Mobile ALOHA: Extends ALOHA with a mobile base for whole-room tasks.

GELLO

GELLO (Wu et al., 2024): A general, low-cost teleoperation device:

  • 3D-printed, kinematically matched to the target robot arm
  • Low-latency joint-space control
  • Can be built for ~$200

UMI (Universal Manipulation Interface)

UMI (Chi et al., 2024): A hand-held gripper with tracking:

  • Operator holds and moves a gripper directly
  • Tracking via GoPro + SLAM provides 6-DOF pose
  • No robot needed during demonstration β€” data collected in any environment
  • Policy trained in simulation, deployed on various robot arms

VR-Based Systems

VR headsets (Meta Quest, Apple Vision Pro) provide:

  • Stereoscopic camera view from robot head
  • 6-DOF hand tracking per hand
  • Finger tracking for dexterous manipulation
  • Immersive experience for the operator

Exoskeleton-Based Systems

For humanoid robots:

  • Full-body motion capture (suit or marker-based)
  • Real-time retargeting from human skeleton to robot skeleton
  • Handles morphology differences (different limb lengths, DOF)

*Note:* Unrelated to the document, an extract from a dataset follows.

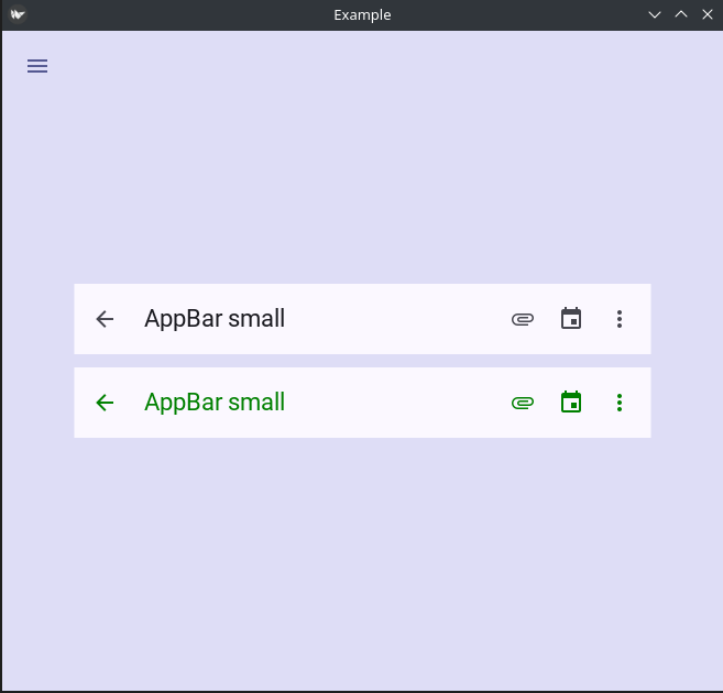 О данном образце я уже писал в статье KivyMD 2.0.0 — путеводитель по Material Design для Kivy, в которой я делал путеводитель по Material Disign в Kivy. AppBar нужен для того что-бы убрать на неё кнопки навигации. В эту панель можно поместить иконку гамбургер, которая выглядит как три вертикальных полоски в левом верхнем углу экрана. На данный момент иконка гамбургер хранит настройки тем.

Retargeting: Human to Robot

When human and robot have different morphologies, retargeting maps human motion to robot motion:

Position-Based Retargeting

Map human keypoint positions to robot end-effector positions:

\[ p_{\text{robot}}^{\text{ee}} = \text{scale} \cdot (p_{\text{human}}^{\text{hand}} - p_{\text{human}}^{\text{ref}}) + p_{\text{robot}}^{\text{ref}} \]

Then use inverse kinematics (IK) to solve for robot joint angles.

Joint-Angle Retargeting

Map human joint angles directly to robot joint angles, with appropriate scaling:

\[ q_{\text{robot}} = A \cdot q_{\text{human}} + b \]

where \(A\) and \(b\) account for joint range differences and kinematic mapping.

Optimization-Based Retargeting

Solve an optimization problem at each frame:

\[ q_t^* = \arg\min_q \sum_i w_i \| \text{FK}_i(q) - p_i^{\text{target}} \|^2 + \lambda \| q - q_{t-1} \|^2 \]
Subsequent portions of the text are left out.